MY-UTILS> '[a b c -> (+ a b c)]
(LAMBDA (A B C) (+ A B C))
What have we learned? We've learned that macros (reader macros, in this case) are hard to debug, and that they interact with the reader and the currently defined packages in strange ways. We've also learned that the package system works by grouping symbols into different packages, and it also interacts with the reader in perhaps non-intuitive ways. Given these complexities, the question to ask is obviously is it really worth five few keystrokes every time we want to write an anonymous function? That depends on how you feel about it and the problems you are trying to solve, but at least you have the choice. One more thing! I promised we would revisit the #: macro character and now that we have an operational understanding of packages, we can figure out what is going on. If you look on the sharpsign page of the hyperspec, we read that #: indicates an "uninterned symbol". The reason we use #: instead of regular symbol is so that we don't pollute our packages with symbols, which are otherwise automatically interned as they are encountered by the reader. Using #: seems to be the conventional way of being a little more tidy about your packages. Questions, comments and (most importantly) corrections are welcome.

7 comments:

Anonymous said...

You wrote:

CL-USER> (my-utils::get-tagged-list-body 'dog '(x (dog a b c)))
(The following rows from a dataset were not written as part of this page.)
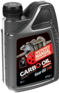
Gear Oil 140 API GL-1 Shortcode: 15.03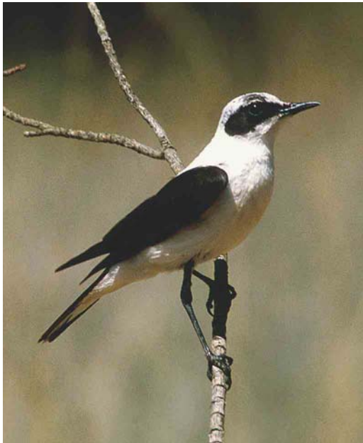
68 Western Black-eared Wheatear / Westelijke Blonde Tapuit Oenanthe hispanica , adult male, Valladolid, Spain, July 1999 ( Alejandro Torés Sánchez ). A very white hispanica , although this is partly due to the late date (early July). It certainly recalls a melanoleuca with a rather 'deep' ear-coverts patch and greyish crown and nape contrasting with the white mantle. Note, however, the untypical distribution of grey – which in melanoleuca normally is concentrated to the centre of the crown and nape, leaving a broad, white 'supercilium'. Small amount of black on lores and particularly forehead confirms that this is a hispanica . 69 Western Black-eared Wheatear / Westelijke Blonde Tapuit Oenanthe hispanica , immature male, Spain, May 1988 ( Lluís Gustamante ). Fresh black wing-coverts in contrast with worn, brownish remiges show this bird to be a second-year male. Restricted amount of black above bill and lores typical for hispanica but not impossible for immature melanoleuca . However, throat-bib very small (nearly 'half-bib' type) and uniform pale ochre upperparts typical for male hispanica (of any age) but not good for immature melanoleuca . Also note that the new coverts are jet black, typical for hispanica .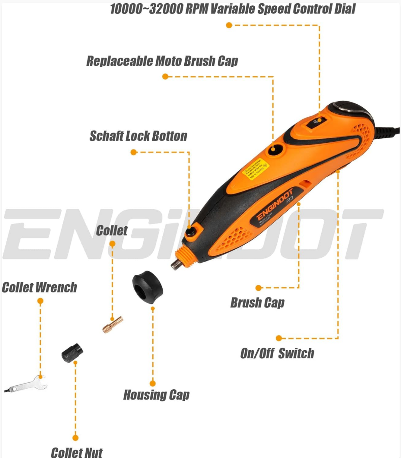
Image: Diagram illustrating the components of the rotary tool, including the brush cap.

Your browser does not support the video tag.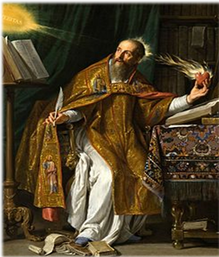
St. Augustine, Doctor of Grace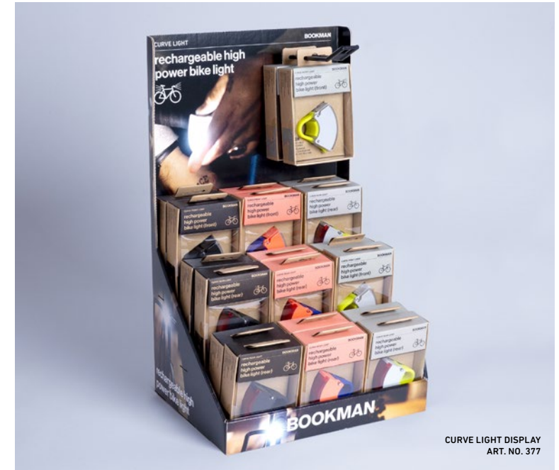
CURVE LIGHT DISPLAY ART. NO. 377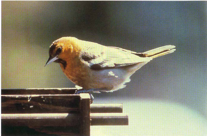
Figure 6: First alternate male Bullock's Oriole at Willowdale, Toronto , from 1 to 18 April 1980.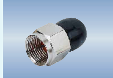
F-317 F MALE DUMMY LOAD 75 OHM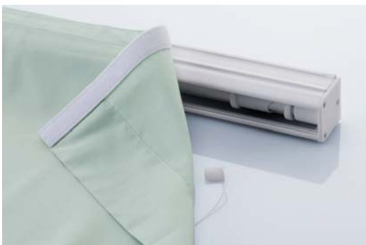
Velcro tape for simple take off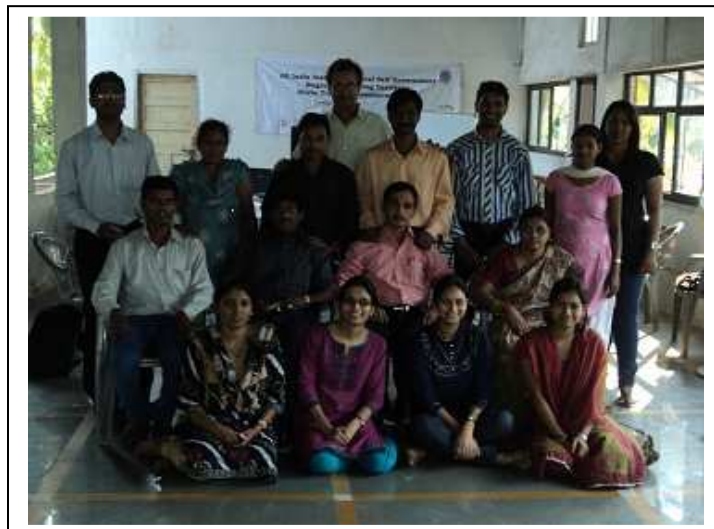
Participants at the training programme for TI counselors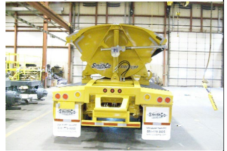
Strobe Light Bar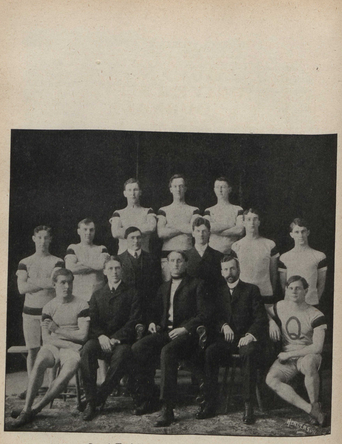
Queen's Track Team and Track Club Executive.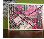
Easy DIY Bulletin Board.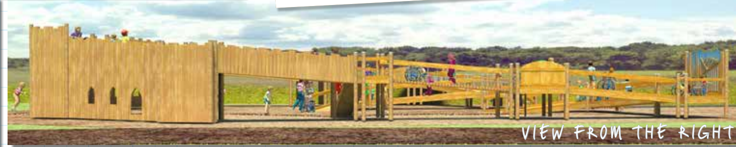
VIEW FROM THE RIGHT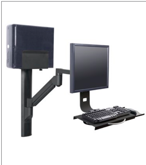
Add any Innovative LCD and/or keyboard arm—all of which can be moved out of the way when not in use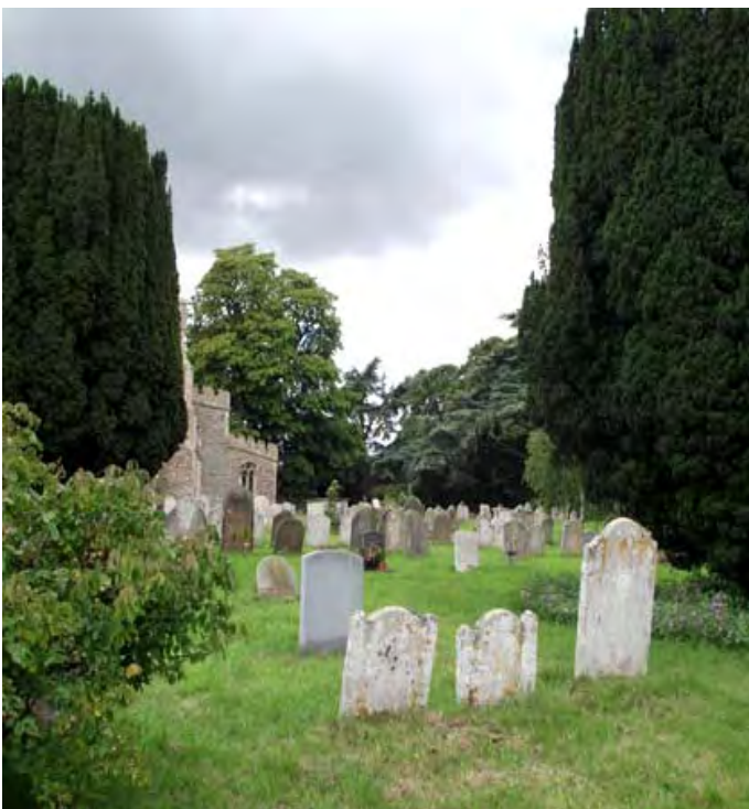
“Beneath those rugged elms, that yew-tree’s shade” – Stoke by Nayland

But since you've exported GET-TAGGED-LIST-BODY from MY-UTILS, you should write (my-utils:get-tagged-list-body ...) --- notice the single colon. That's sort of the whole point of exporting symbols.

J.V. Toups said...

Oops!

M Jared Finder said...

The '-> expression got interned at /READ/-time, when the SHORT-LAMBDA-SPLIT function was typed into the repl.
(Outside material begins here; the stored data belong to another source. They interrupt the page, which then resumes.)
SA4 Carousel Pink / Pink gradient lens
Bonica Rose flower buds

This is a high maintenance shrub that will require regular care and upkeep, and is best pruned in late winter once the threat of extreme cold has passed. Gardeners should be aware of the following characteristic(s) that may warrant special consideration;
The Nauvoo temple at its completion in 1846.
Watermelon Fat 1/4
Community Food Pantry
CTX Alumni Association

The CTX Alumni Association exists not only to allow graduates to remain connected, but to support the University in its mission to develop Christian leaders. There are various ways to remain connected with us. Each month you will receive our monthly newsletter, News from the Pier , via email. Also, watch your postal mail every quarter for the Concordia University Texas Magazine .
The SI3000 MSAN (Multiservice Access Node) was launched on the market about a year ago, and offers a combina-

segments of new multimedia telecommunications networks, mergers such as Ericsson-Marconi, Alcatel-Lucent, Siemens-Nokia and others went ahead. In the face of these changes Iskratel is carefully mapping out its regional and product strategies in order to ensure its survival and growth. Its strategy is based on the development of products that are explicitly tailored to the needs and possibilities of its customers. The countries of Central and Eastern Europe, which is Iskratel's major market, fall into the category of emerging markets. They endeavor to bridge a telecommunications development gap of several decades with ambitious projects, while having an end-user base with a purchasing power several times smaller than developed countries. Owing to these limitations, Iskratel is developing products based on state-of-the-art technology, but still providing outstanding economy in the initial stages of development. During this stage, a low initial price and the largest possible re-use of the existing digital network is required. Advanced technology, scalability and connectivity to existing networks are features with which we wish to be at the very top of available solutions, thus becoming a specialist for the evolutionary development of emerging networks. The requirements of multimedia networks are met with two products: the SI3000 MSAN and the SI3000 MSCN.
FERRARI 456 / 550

' is just a read macro, that returns (quote {call read recursively}), and quote returns whatever its arg is with no modification.

Incidentally, I'd prefer to check that the symbol-name is EQUAL, instead of interning a symbol, because the value of *PACKAGE* may not be the package being read in.

J.V. Toups said...

jared, thanks for the information and suggestion. Will EQUAL really decide that two symbols interned in separate packages are the same?

(defpackage :a)
(defpackage :b)
(equal 'A::x 'B::x) -> NIL
(equal 'X 'B::X) -> NIL

When I try it. Maybe I don't see what you mean, though.

J.V. Toups said...

Oops, I mean #:a and #:b.

John Connors said...

This is a really good pair of articles, it's shed light on something that was previously pretty obscure for me, thanks!

Fae said...

This discussion may be pretty old, but I came across it while reading about reader macros and thought I'd clarify one point.

M Jared Finder was suggesting the use of symbol-names for comparison purposes, in this fashion:

(equal (symbol-name 'A::x) (symbol-name 'B::x)) -> t